→ **Assignment**: Beginning with the line that contains "La sistemazione dispone", print each line to the end of the data exactly. Omit the pictures.

→ **Given material**:
----------------------------------------

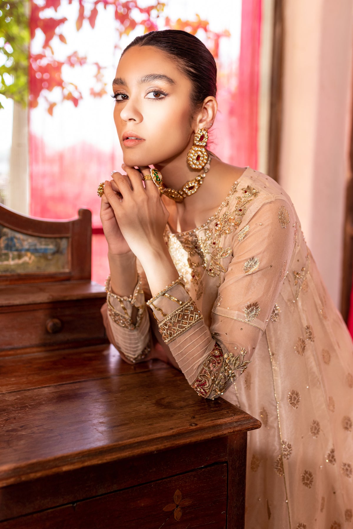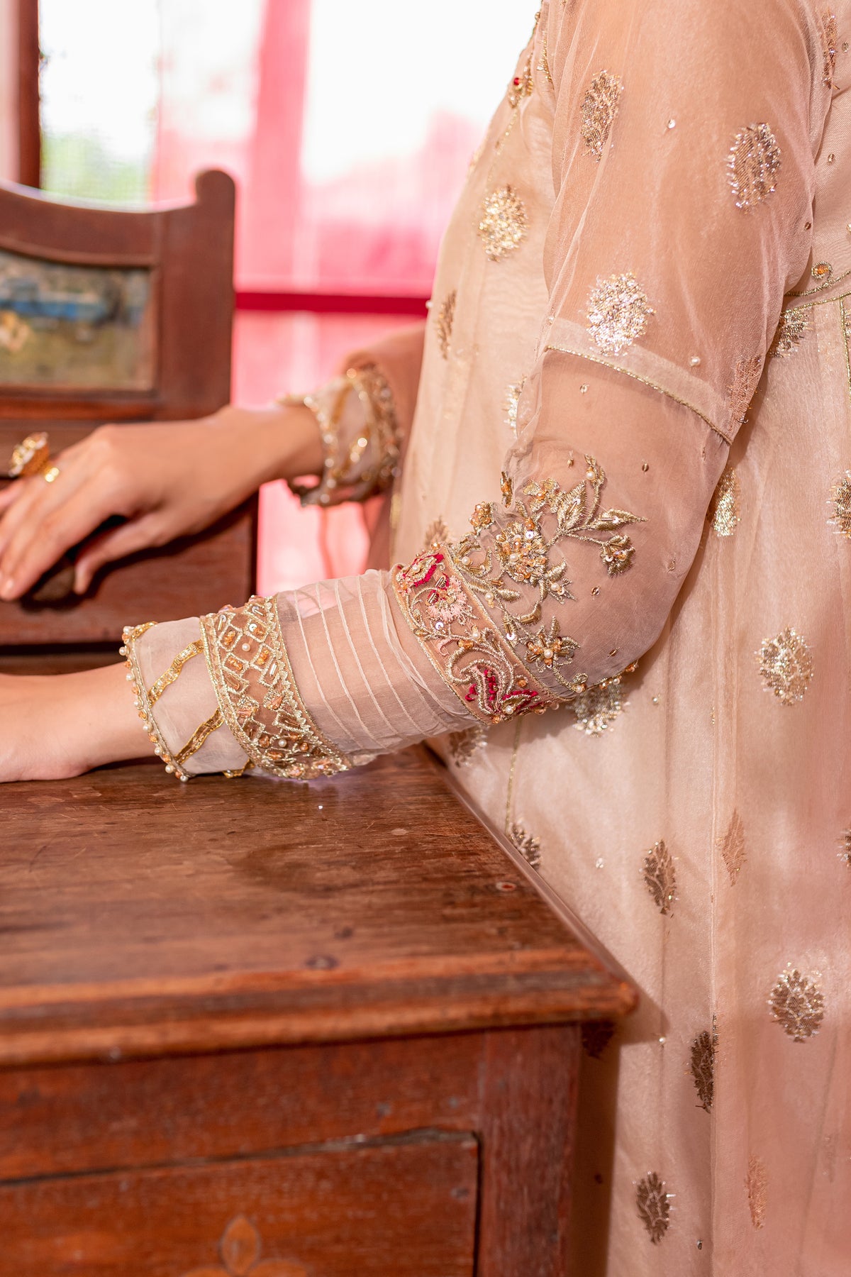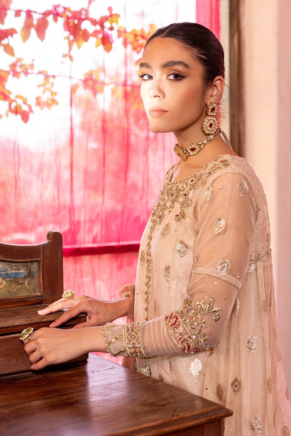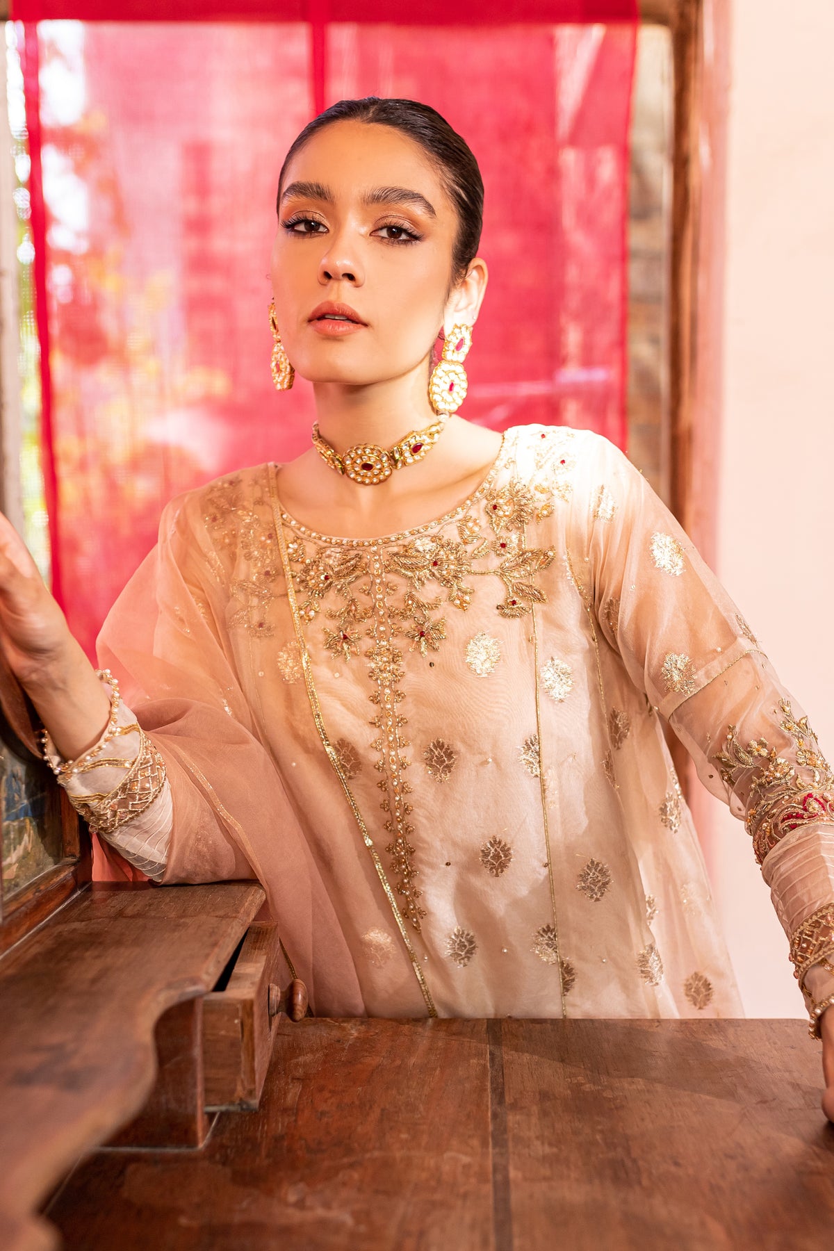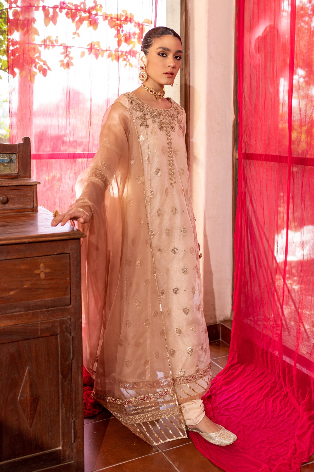 Gorgeously draped kalidaar frock cut from the high quality organza badla in the shades of off white. Embellishments feature heavily embroidered neckline with adda work and embroidered patti work at hem. Raita embroidery motif on back yoke and sleeves with adda work on it adds more glamour to the whole look
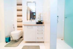 La sistemazione dispone di due camere da letto climatizzate con due letti e due bagni privati per garantire comfort e privacy. Gli ospiti possono preparare i pasti nella cucina completamente attrezzata che include sia la cucina completa sia un angolo cottura. Altri servizi della stanza comprendono una lavatrice ed intrattenimento tramite TV a schermo piatto.
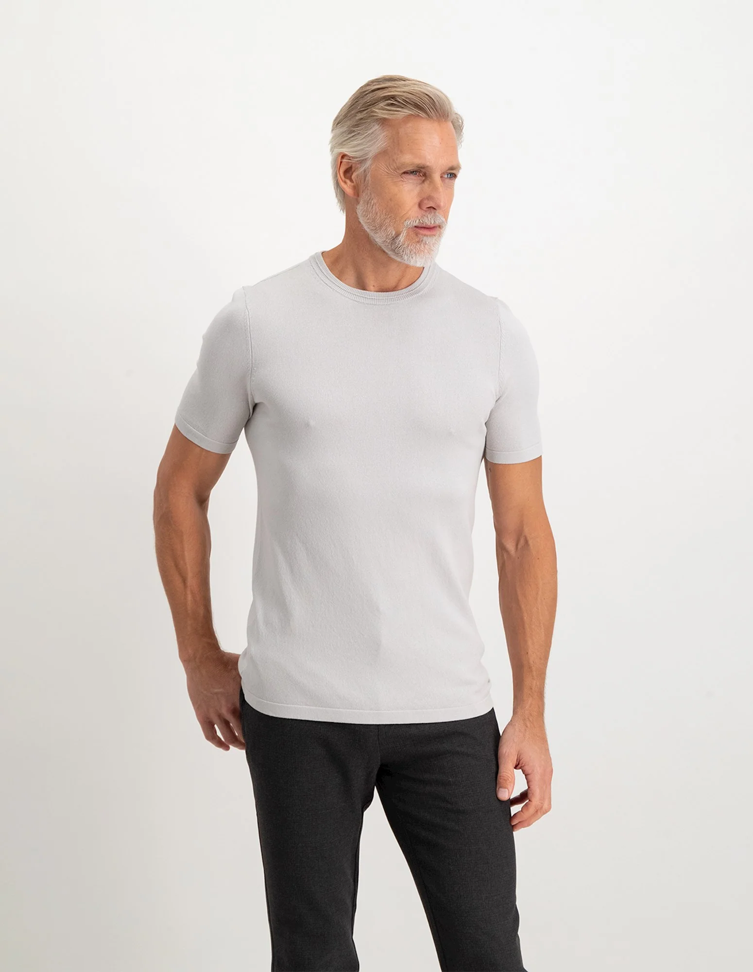 Koel, stijlvol en comfortabel! Dat is het nieuwe NIELS T-shirt van SAINT STEVE. Het T-shirt is gemaakt van linnen & viscose materiaal. Dit geeft het T-shirt een luxueuze uitstraling en daarnaast een ademende functie. Daarom is dit T-Shirt een mooie toevoeging aan jouw zomergarderobe. De KIT GREY kleur combineer je makkelijk met een donkere of jeans kleurige short of broek.

----------------------------------------

→ **Completed exercise**:
 La sistemazione dispone di due camere da letto climatizzate con due letti e due bagni privati per garantire comfort e privacy. Gli ospiti possono preparare i pasti nella cucina completamente attrezzata che include sia la cucina completa sia un angolo cottura. Altri servizi della stanza comprendono una lavatrice ed intrattenimento tramite TV a schermo piatto.
 Koel, stijlvol en comfortabel! Dat is het nieuwe NIELS T-shirt van SAINT STEVE. Het T-shirt is gemaakt van linnen & viscose materiaal. Dit geeft het T-shirt een luxueuze uitstraling en daarnaast een ademende functie. Daarom is dit T-Shirt een mooie toevoeging aan jouw zomergarderobe. De KIT GREY kleur combineer je makkelijk met een donkere of jeans kleurige short of broek.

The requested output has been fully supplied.